Yes, very silly. One for, well, the trainspotters really.
And nothing new. This is the sixth of Palin's television journeys - lucky him, it's been a sort of accidental career - that's taken him around the world in 80 days, from pole to pole, to the Sahara and now to the place which, in Sanskrit, means "the abode of the snow". And each time, and whatever country he happens to pass through, Palin delivers more or less the same.
Fair enough. Palin has developed a winning blueprint. First you select a contrived-yet-interesting theme such as travelling the length of the Himalaya, then you give it a catchy title (Pole To Pole) or make sure your brand (Michael Palin) is in the name.
Next you get to travel about meeting strange folk in far-flung parts and make your little jokes before playing the series to huge audiences.
Lastly, of course, you produce the book of the series, which you make sure is on shop shelves everywhere by Christmas.
But as Palin and the bloke from Dubai made their way by train from the Pakistani end of the Pass to the town of Darra in last week's first episode of Himalaya, I found myself not minding that Palin's travel series are formulaic. The man is a tremendously good travelling companion, with an easy charm. And his journey here will take viewers from one end of the Himalaya range to the other through Pakistan, China, Tibet, Nepal, Bhutan, Assam and Bangladesh - damned interesting territory by anyone's measure.
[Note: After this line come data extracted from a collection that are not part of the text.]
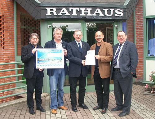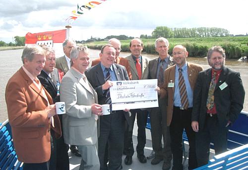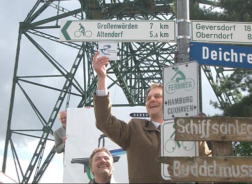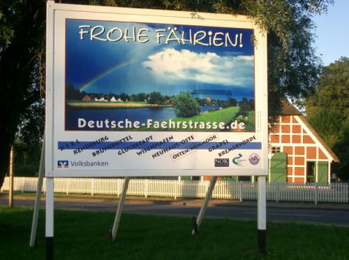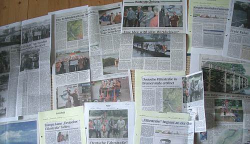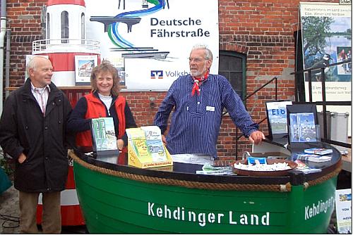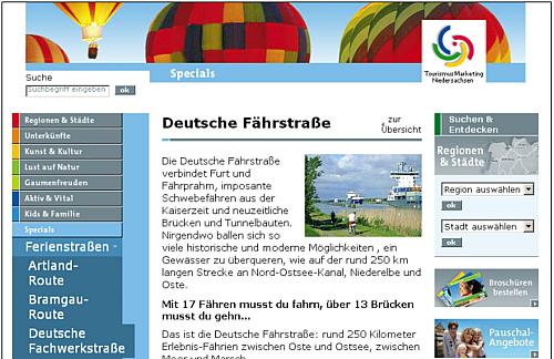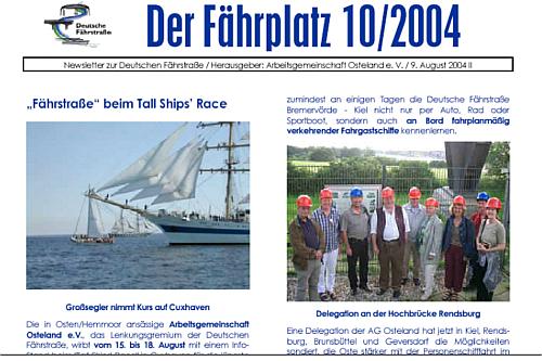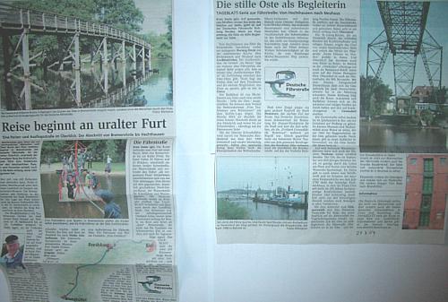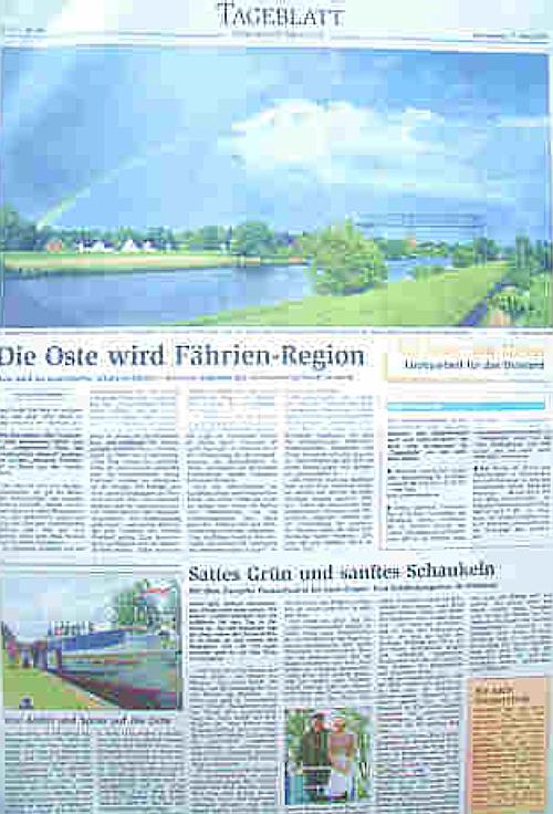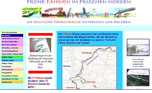 Viel schneller als einige dachten, eröffneten wir im Mai 2004 mit ca. 200 geladenen Gästen unsere 'Fährienroute'. Der sympathische Start gelang uns am gedachten Startpunkt, einer Spielfähre für Kinder in Bremervörde. Das mediale Echo war enorm. Presse, Funk und Fernsehen berichteten ausführlich davon. Eine alte Fähre, die noch per Hand durch den Fluss gezogen wird, war eine der Attraktionen. Die Bürgermeister der beiden Schwebefähren-Standorte nahmen symbolisch die erste Ausschilderung vor. Auf diesem Bild sehen sie einen Ausschnitt der Zeitungsmeldungen über diesen Tag. Leider bei weitem nicht vollständig. Nach diesem viel beachteten Start gingen wir an den weiteren Ausbau unseres Projektes. Wir erstellten eine themenspezifischen Flyer für die Route der Wohnmobile. Wir begrüßten die Bürgermeister aller Anrainergemeinden entlang des Flusses als neue Mitglieder in der Arbeitsgemeinschaft Osteland. Wir gewannen eine große Bank als unseren Hauptsponsor. Hier zu sehen der Bankvorstand bei der Scheckübergabe. Wir konnten die Radwegbeschilderung erfolgreich abschließen... ... und die Autoroute im Südabschnitt ausschildern. Natürlich mit dem Hinweis auf unsere Website. Nach diesen fundamentalen Maßnahmen gingen wir die Verbesserung unseres Außenauftrittes an. Die Route war da. Und � wichtig � die Ausschilderung war da. Nur das, was man anfassen kann, existiert wirklich. Wir verbesserten unsere Internet-Präsenz. Auch schlossen wir schon frühzeitig die deutschen Tourismuszentralen in unseren E-Mail Verteiler ein. Unsere regelmäßigen Newsletter, aber wohl auch das Produkt selbst erwirkten die Aufnahme in die TOP 50 der Ferienstraßen in Deutschland. Und es gibt ungleich mehr in unserem Land. Ein Ritterschlag für uns. Geben sie heute den Begriff �Deutsche Fährstrasse� bei Google ein, erhalten sie mehr als 12.800 Nennungen... ... sogar auf japanisch. Auch die eben schon erwähnte �Deutsche Tourismuszentrale� veröffentlicht die Fährstrassen-Site auf japanisch. Und in weiteren 10 Sprachen. Der Wert ist unschätzbar für das internationale Incoming-Geschäft. Gleichwohl blieben wir bodenständig und setzten unsere Pressearbeit kontinuierlich fort. Regelmäßig, heißt ca. einmal in zwei Wochen, erhalten die Blätter fertige redaktionelle Beiträge von uns. Auch das
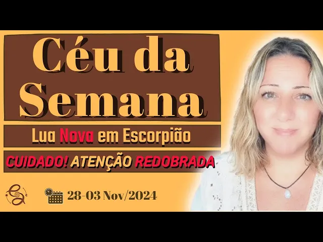 Olá pessoal aqui é Débora mexica do encontros astrológicos e hoje estou aqui para dar uma olhadinha no céu da semana para essa semana que vai do dia 28 de outubro ao dia 3 de novembro de 2024 Quais os principais aspectos doos principais eventos para essa semana que a gente tem pela frente bom gente primeiro é importante dizer que nós estamos em uma fase minguante ocorrendo no céu a gente vai ter essa fase minguante até sexta-feira dia primeiro de novembro aonde a gente vai ter a lua nova ocorrendo aqui no signo de escorpião que inclusive é
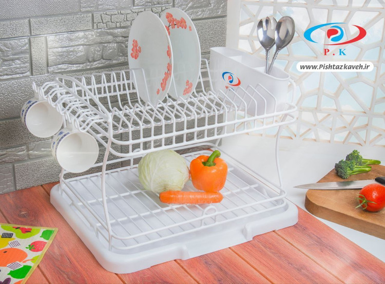 جاظرفی دو طبقه غزال سایز بزرگ سفید رنگ دارای روکش پلاستیک سه تکه شامل جاقاشقی،جاظرفی و سینی کف محصول شرکت پیشتاز کاوه مناسب کنار سینک، حمل اسان
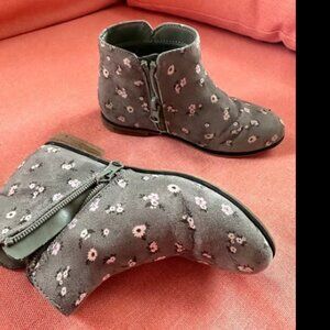 Little Girls Suede Floral Boots Cat & Jack Size 12 Grey Suede Ankle Length Boot
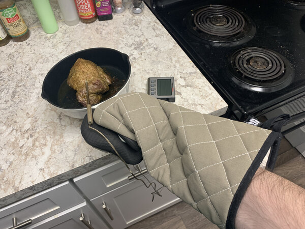 Can't feel any heat for 20 seconds unless you go over 500F. Thin but durable. Comes with a magnet to stick it to a metal wall but the magnet is so small the glove starts to slide; don't need that feature any ways so still 5 star.
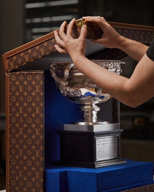 Louis Vuitton, fiel a su compromiso histórico con el tenis, se une al Open de Australia por segundo año consecutivo como socio oficial del evento en la creación de dos baúles Monogram a medida para proteger la Daphne Akhurst Memorial Cup femenina y la Norman Brookes Challenge Cup masculina. Las dos creaciones a medida, que se exhibirán durante los torneos finales y en las prestigiosas ceremonias de entrega de premios. Forradas en microfibra azul a juego con los códigos de color de la competición, mientras que en la parte inferior de la tapa figura el logotipo en blanco AO.
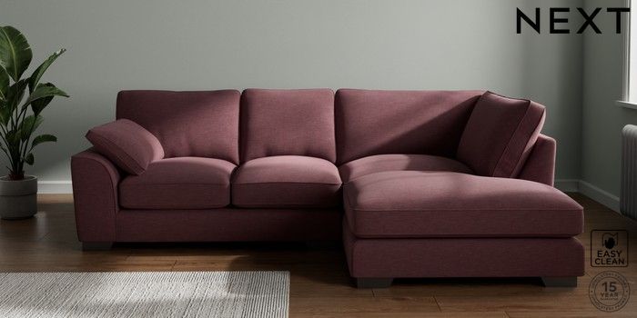 7.3.1 Buy Stamford Grand Relaxed Sit Medium Corner Chaise - Right Hand Fine Chenille Easy Clean Mid Mulberry Purple Large Square Angle - Gunmetal from the Next UK online shop Click here to use our accessible website
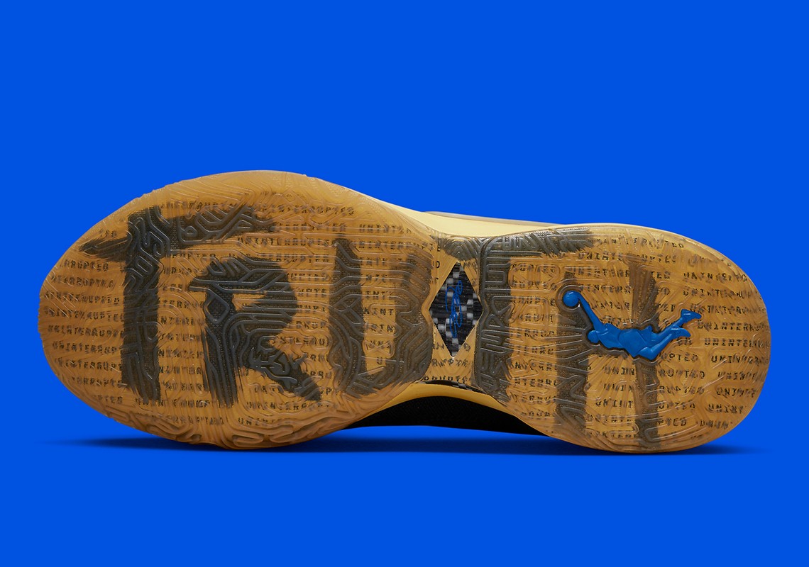 整双鞋采用黑色为主调,辅以蓝色、白色妆点,呈现出与以往 UNINTERRUPTED 联名的相同配色方案。

Palin has a good writer's deft touch with language, too. Instead of filling his narration with the dull platitudes or banal observations of programmes like Getaway (and the worst episodes of Intrepid Journeys), he gives each scene - last week, the gun shops of Darra, the dental markets of Peshawar, bull racing and a polo match in the high Shandur Pass - something more than just good footage of a beautiful or remarkable place.
Formulaic or not in approach, he brings a careful eye for the interesting and the odd, a wry wit and a self-deprecating sense of humour to these shows - rarities on television of any kind.
So yes, Palin has little in-jokes. Yes, there's always the sense we've been here before even if we haven't. But you'd have to travel a long way to find a travel show that's quite so good.